Recently retired star joins Pistons bench

ORLANDO – Some things will never change.

Rasheed Wallace had a colorful response Monday to the initial silence from reporters wanting him to comment on becoming a Pistons assistant coach.

“C’mon, don’t shoot at once, now,” Wallace said playfully to laughter. “Y’all gotta say something, or I’m walking off.”

You can excuse the media for being momentarily tongue-tied at the thought of the guy who is the career leader in technical fouls trading in his uniform for a clipboard.

But for Wallace, 38, it’s all about a chance to watch his kids, who still live in the Detroit area, grow up.

And despite his well-earned mercurial reputation, the job offers a chance for one of the most fundamentally sound big men of the last 20 years to impart some wisdom to the Pistons young big men Andre Drummond and Greg Monroe.

“It’s a blessing in disguise; my kids are still back in Detroit,” Wallace said after the Pistons’ loss to the Celtics in summer-league action. “I have the best of both now. I’ll be able to do what I want, and that’s to teach young guys how to play basketball the right way and still be with my kids.”

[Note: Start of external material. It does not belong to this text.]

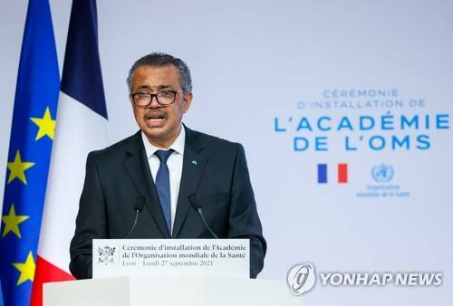 epa09491652 WHO Director-General Tedros Adhanom Ghebreyesus speaks during the WHO Academy opening ceremony chaired by him and French President Emmanuel Macron (not pictured), in Lyon, France, 27 September 2021. EPA/DENIS BALIBOUSE / POOL MAXPPP OUT

It’s a far cry from the man who used to scoff at the idea of being a coach. So what’s changed?

“Actually a lot,” Wallace said. “It has more to do with my kids than anything. With them getting older and working them out and other high school kids out, I guess it was that little coaching bug that started, and now here I am up here. But I wasn’t expecting to be here.”

Wallace joined the team Monday and sat on the bench, just to the right of the players. He has already worked with Drummond at the practice facility.

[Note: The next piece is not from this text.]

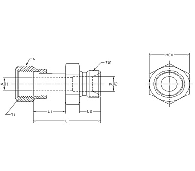 ITEM P/N T1 T2 L L1 L2 D1 D2 S HEX

Hiring Wallace was the idea of new coach Maurice Cheeks, who coached Wallace while both were with the Blazers. The Pistons and Wallace have spent the last several weeks making sure Wallace wanted to make this step shortly after retiring from the Knicks.

Wallace isn’t worried about the transition.

“When I was playing, I had that passion and fire, cussing everybody out, but I had the opportunity to change that being out on the floor,” he said. “But now that I’m coach, I can still have my passion, but I just have to tone it down. I can’t make the difference now. I can talk junk, but I can’t back it up.”

Vince Ellis writes for the Detroit Free Press.